**EXERCISE PROMPT**
Keep the pictures out and restate every record exactly.

**EXERCISE INPUT**

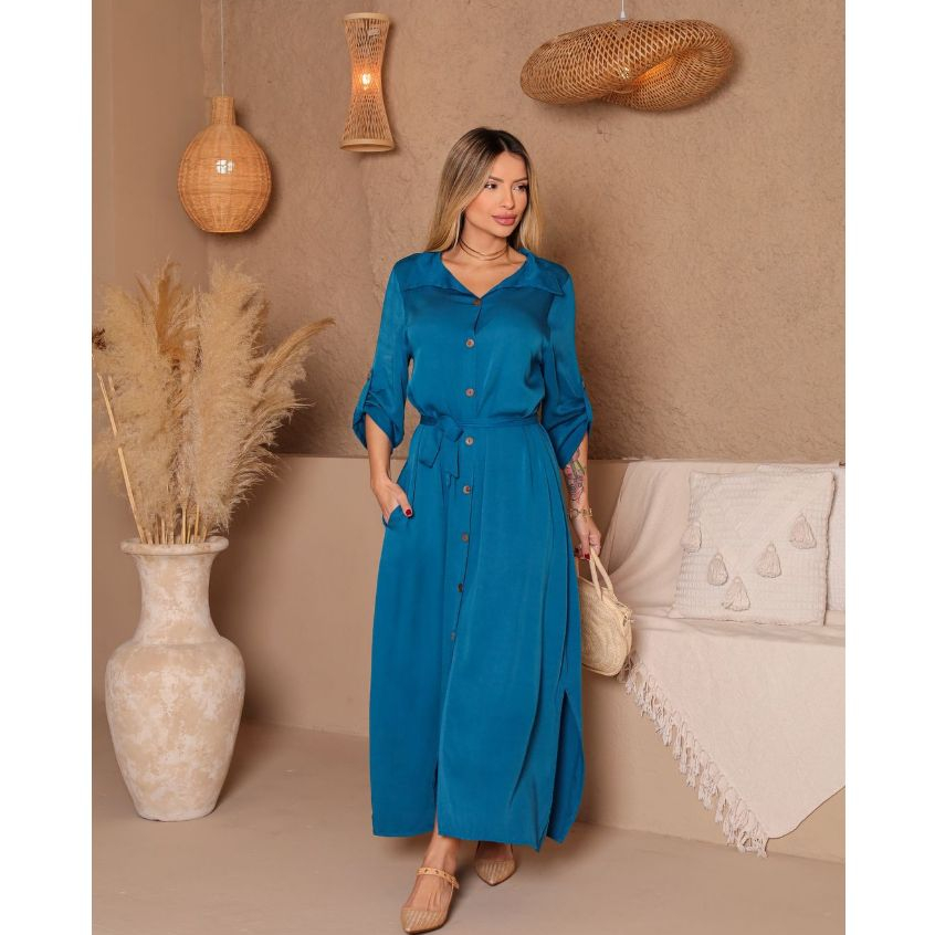 Elegância e versatilidade em cada detalhe! Apresentamos nosso vestido chemise confeccionado em viscose sarjada, um tecido leve, fluido e extremamente confortável. Com design moderno e feminino, ele conta com botões frontais, gola clássica e mangas que podem ser usadas longas ou 3/4, conforme a ocasião. O destaque fica por conta da abertura lateral, que proporciona movimento e um toque sensual na medida certa. Ideal para quem busca praticidade sem abrir mão do estilo. Disponível nos tamanhos M, G e GG, EG em cores lisas que combinam com tudo — uma peça coringa para usar do dia a dia ao happy hour.
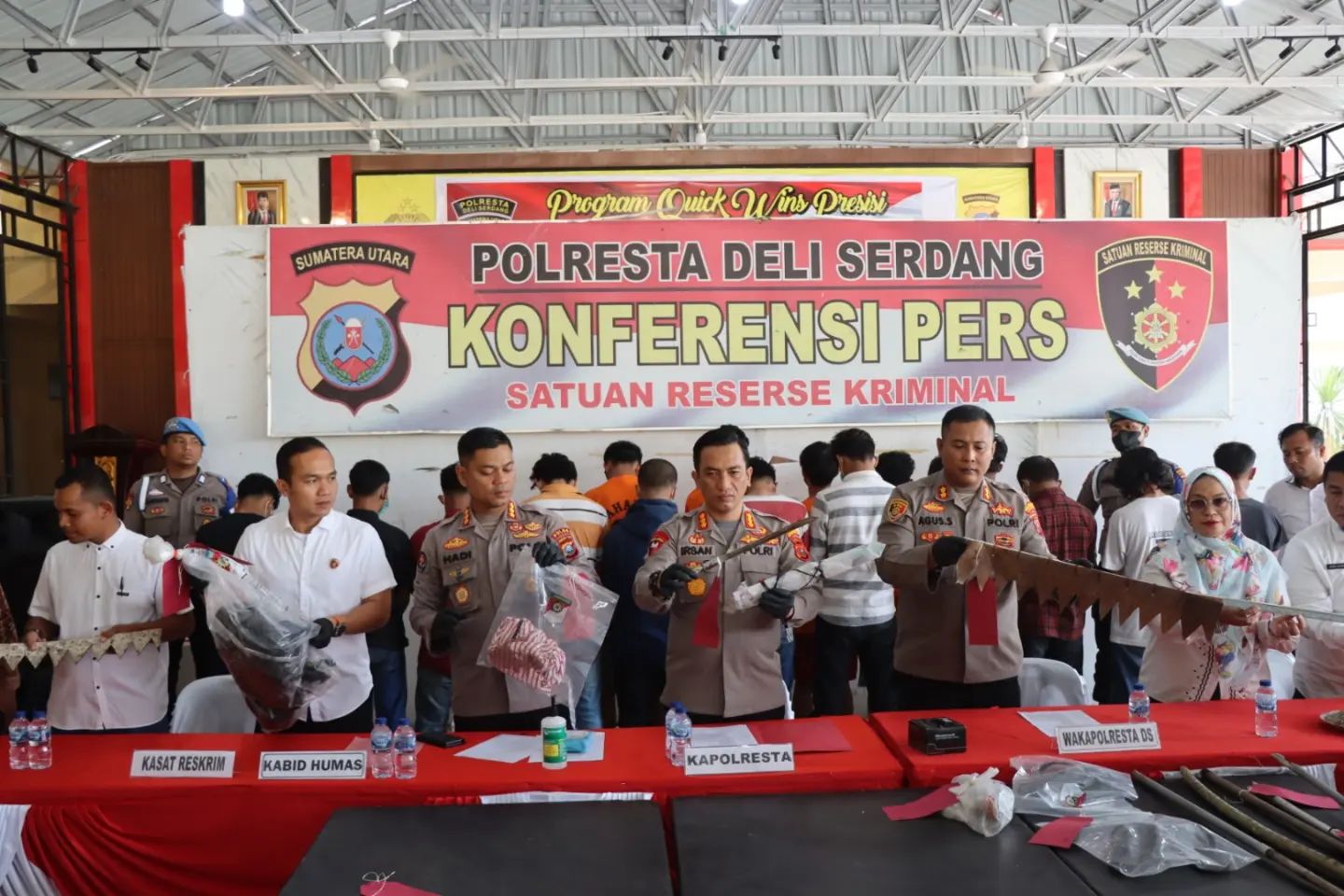Turut hadir dalam konferensi pers ini, Wakapolresta AKBP. Agus, Kasat Reskrim, Kompol. I kadek, dan Kapolsek Tanjung Morawa, AKP. Firdaus Kemit.
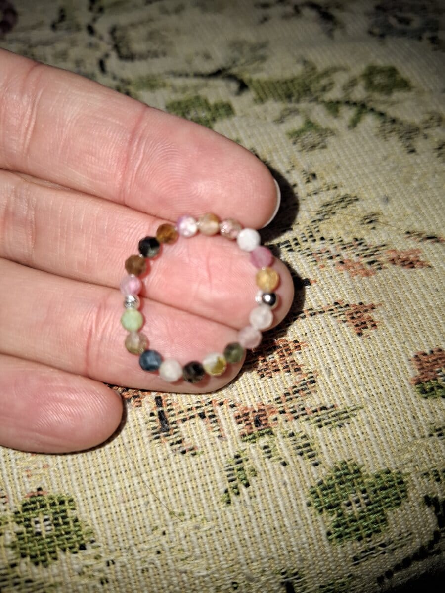 Inel pe elastic cu turmalina multicolora si argint 925, sfere microfatetate 3mm. Confectionat din pietre semipretioase si argint 925, pe elastic.
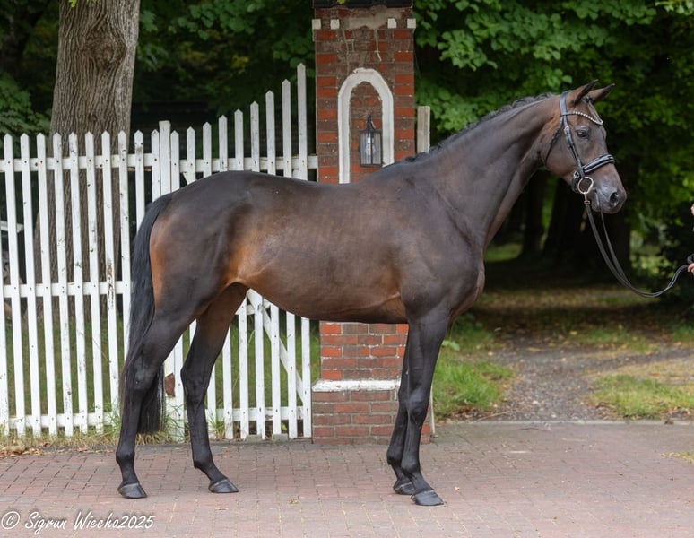 This striking daughter of the sire Interconti is a true eye-catcher that one cannot resist. She stands in a high-class, modern mare type and has been registered with 55 points during her Central Mare Registration, making her a premium candidate of the Trakehner Association. In addition to her unmistakable presence, this mare impresses with good, powerful basic gaits. Furthermore, the pedigree possesses a special athletic as well as breeding attractiveness. The mother of "Insa," who is a half-sister to the licensed stallion Iffland (by Tenor), produced among others the licensed later Vice Champion in eventing and now proven in international 4-star competitions, Ibsen (by Checkpoint). A special breeding offer that is for sale due to age-related cessation of breeding.
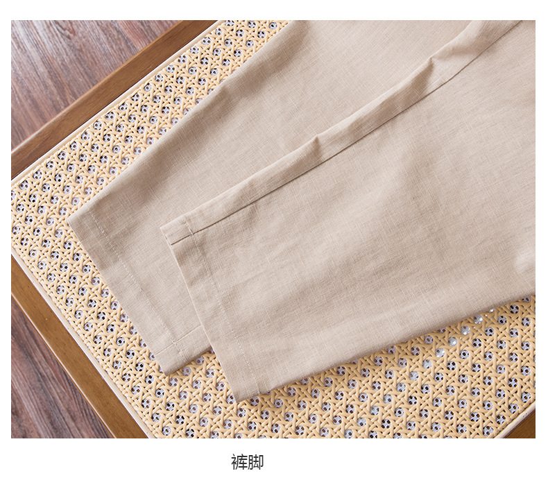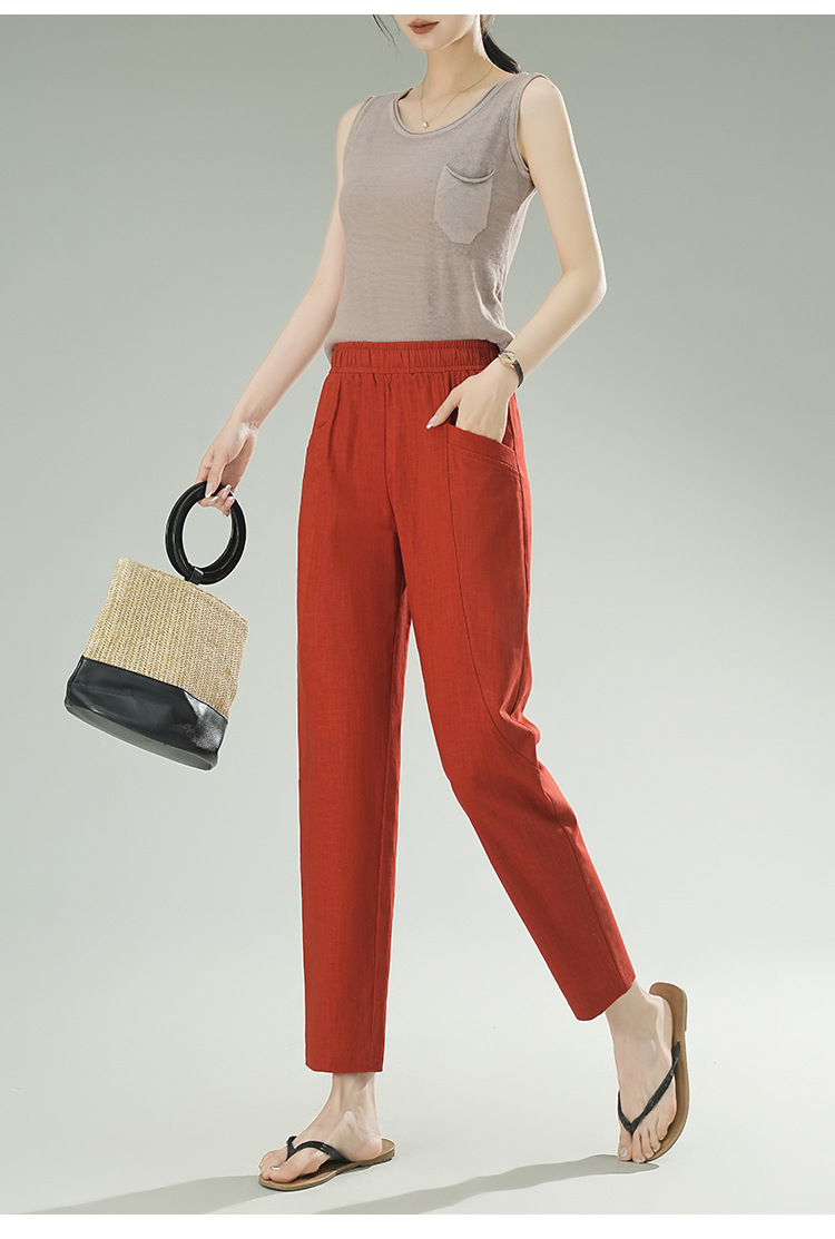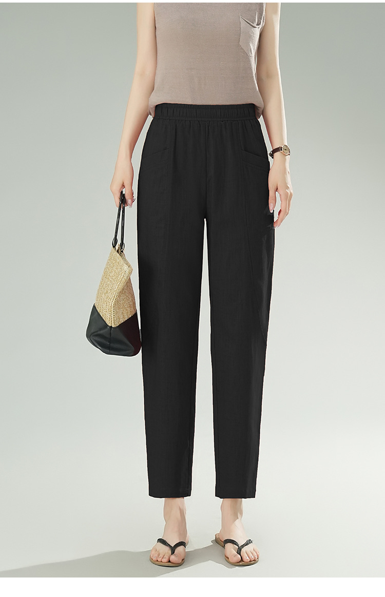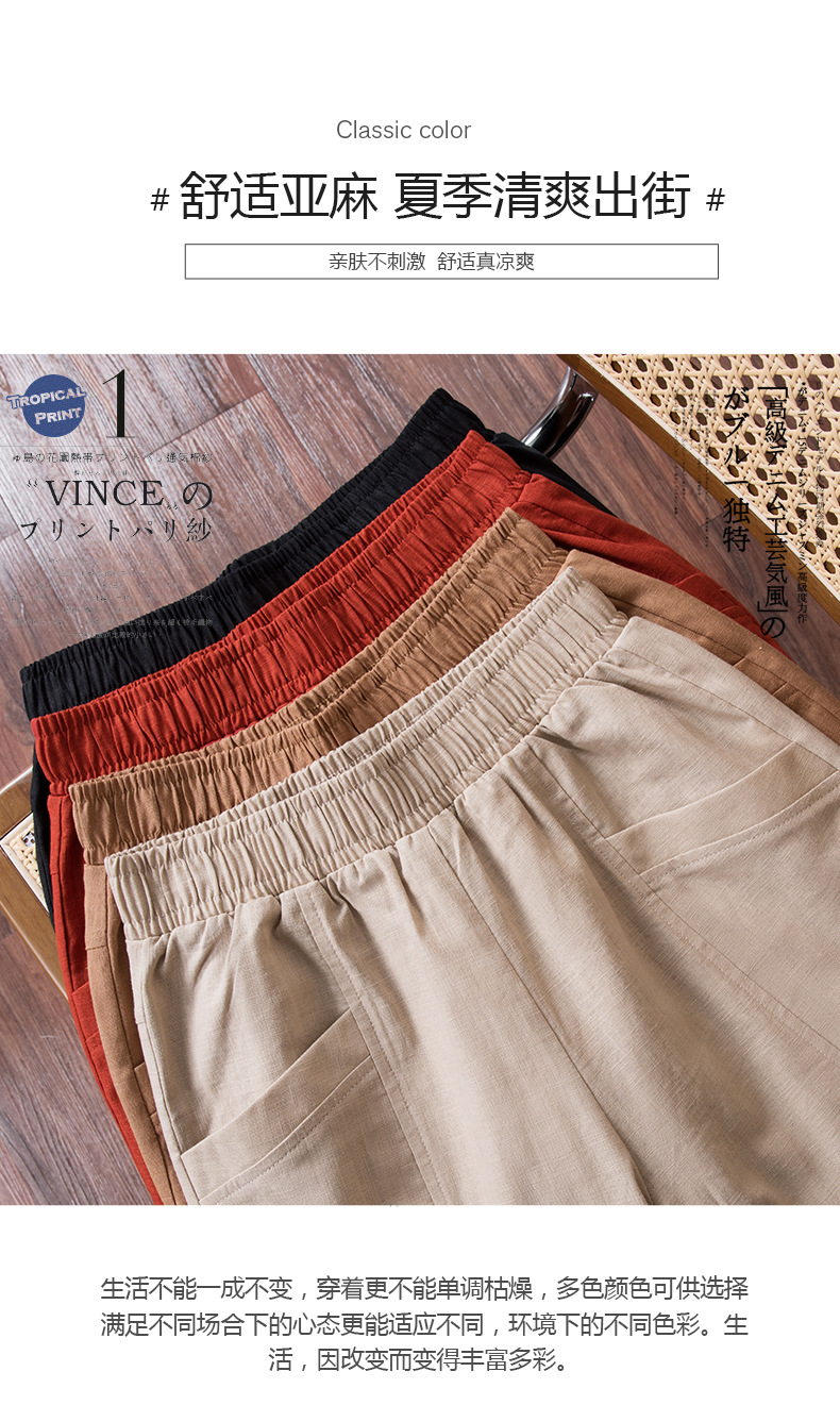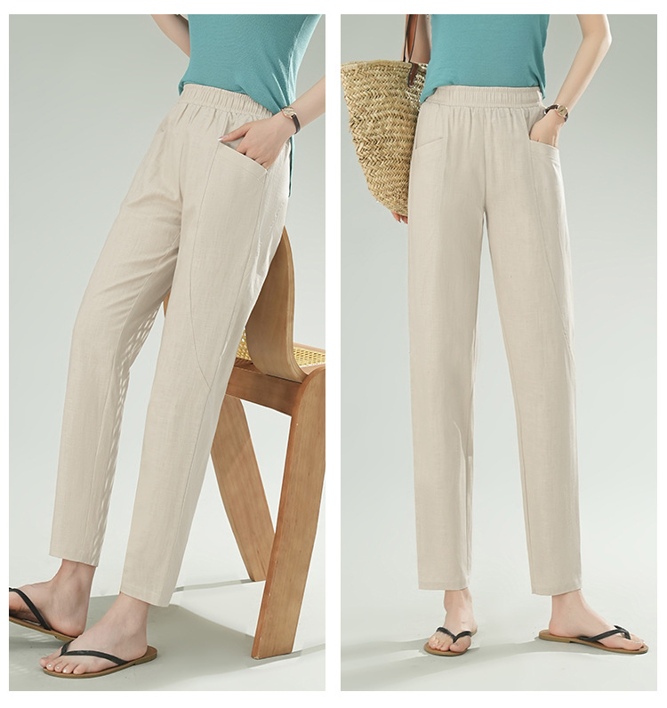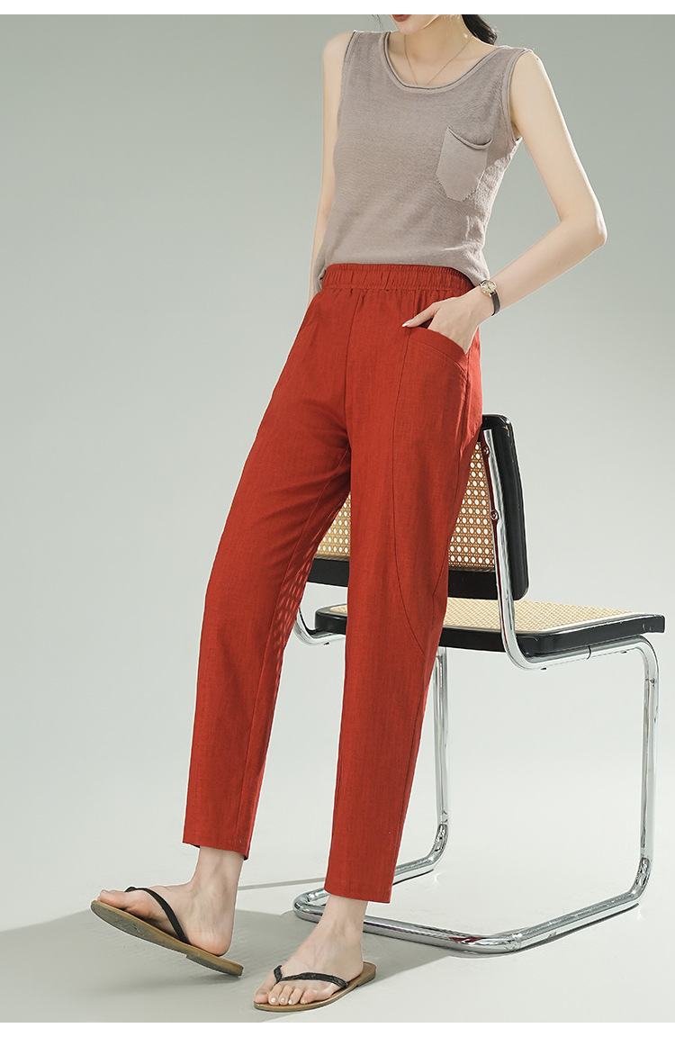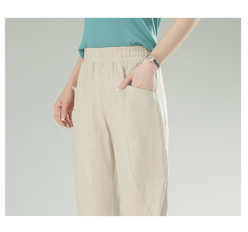 雀说棉麻裤女哈伦萝卜大码宽松高腰九分亚麻薄款直筒休闲裤子AL28589

**ANSWER SECTION**
 Elegância e versatilidade em cada detalhe! Apresentamos nosso vestido chemise confeccionado em viscose sarjada, um tecido leve, fluido e extremamente confortável. Com design moderno e feminino, ele conta com botões frontais, gola clássica e mangas que podem ser usadas longas ou 3/4, conforme a ocasião. O destaque fica por conta da abertura lateral, que proporciona movimento e um toque sensual na medida certa. Ideal para quem busca praticidade sem abrir mão do estilo. Disponível nos tamanhos M, G e GG, EG em cores lisas que combinam com tudo — uma peça coringa para usar do dia a dia ao happy hour.
Turut hadir dalam konferensi pers ini, Wakapolresta AKBP. Agus, Kasat Reskrim, Kompol. I kadek, dan Kapolsek Tanjung Morawa, AKP. Firdaus Kemit.
 Inel pe elastic cu turmalina multicolora si argint 925, sfere microfatetate 3mm. Confectionat din pietre semipretioase si argint 925, pe elastic.
 This striking daughter of the sire Interconti is a true eye-catcher that one cannot resist. She stands in a high-class, modern mare type and has been registered with 55 points during her Central Mare Registration, making her a premium candidate of the Trakehner Association. In addition to her unmistakable presence, this mare impresses with good, powerful basic gaits. Furthermore, the pedigree possesses a special athletic as well as breeding attractiveness. The mother of "Insa," who is a half-sister to the licensed stallion Iffland (by Tenor), produced among others the licensed later Vice Champion in eventing and now proven in international 4-star competitions, Ibsen (by Checkpoint). A special breeding offer that is for sale due to age-related cessation of breeding.
 雀说棉麻裤女哈伦萝卜大码宽松高腰九分亚麻薄款直筒休闲裤子AL28589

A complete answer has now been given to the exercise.